Их встреча произошла в суровое время, когда действительно шел вопрос о жизни и смерти, — через два года после Варфоломеевской ночи, и оба они, хоть и не стали ее жертвами, но продолжали жить только ради славы божией, гонимые и в бедности. Поместья Шарлотты были конфискованы, так как и отец ее и первый муж принадлежали к последователям истинной веры. Друзья тогда убеждали молодого Морнея вступить в более выгодный брак; он же отвечал, что злато и серебро — последнее, о чем следует думать, выбирая себе жену; главное — благонравие, страх божий и добрая слава. Всем этим обладала Шарлотта; кроме того, у нее был ясный ум — и она занималась математикой, зоркий глаз — и она рисовала. Она была милосердна к беднякам и умела внушить страх даже сильным мира сего своей непримиримостью ко всякому злу. Но больше всего старалась она всей силою своего рвения служить богу и церкви. Именно это, а не злато и серебро принесла она мужу в приданое. И Морней почувствовал себя богачом, когда она рассказала ему, что еще ее отец однажды в Страсбурге присутствовал при том, как мейстер Мартин Лютер спорил с другими докторами богословия. А Лютер никогда и не был в Страсбурге: Морней справлялся. Но если рассказ отца так светло преобразился — в ее воспоминаниях, то разрушать высокое воодушевление Шарлотты Морней не хотел, и он промолчал. Таков был его брак с этой гугеноткой.
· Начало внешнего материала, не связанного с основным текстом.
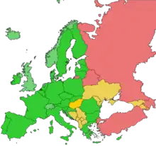Plusieurs pays voisins de l'Union européenne ne sont pas considérés comme démocratiques par ces critères. La plupart des États européens bordant l'UE sont considérés comme démocratiques ou partiellement démocratiques selon Freedom House, à l'exception de l'Arménie, l'Azerbaïdjan, de la Biélorussie et de la Russie.

— Вы меня поняли и встали рано, — вдруг сказал Генрих; он вошел в беседку незаметно и сел подле Морнея. Затем тут же спросил: — Что вы скажете о моем тайном совете?
— Он слишком мало тайный и слишком шумный, — отозвался Морней, не моргнув глазом, хотя Генрих и подмигнул ему.
— О маршале Бироне плели много вздору. Верно? Он мне искренний друг. Таково, должно быть, ваше мнение?
— Сир! Будь он вам другом, не назначил бы его король Франции на эту должность. Но, сделавшись вашим наместником, даже искренний друг скоро отошел бы от вас.
— Я вижу, что не зря мне хвалили ваш ум, — заметил Генрих. — Многому нам пришлось научиться, а, Морней? Вам нелегко было в изгнании.
— А вам — в Лувре.
У обоих взгляд стал далеким. Но через миг они очнулись. Генрих продолжал: — Мне нужно быть крайне осторожным: двор снова хочет меня захватить в плен. Читайте! — Он развернул вчерашнее послание: вся власть и все полномочия маршалу Бирону…
— «В отсутствие короля Наваррского», — громко прочел Морней.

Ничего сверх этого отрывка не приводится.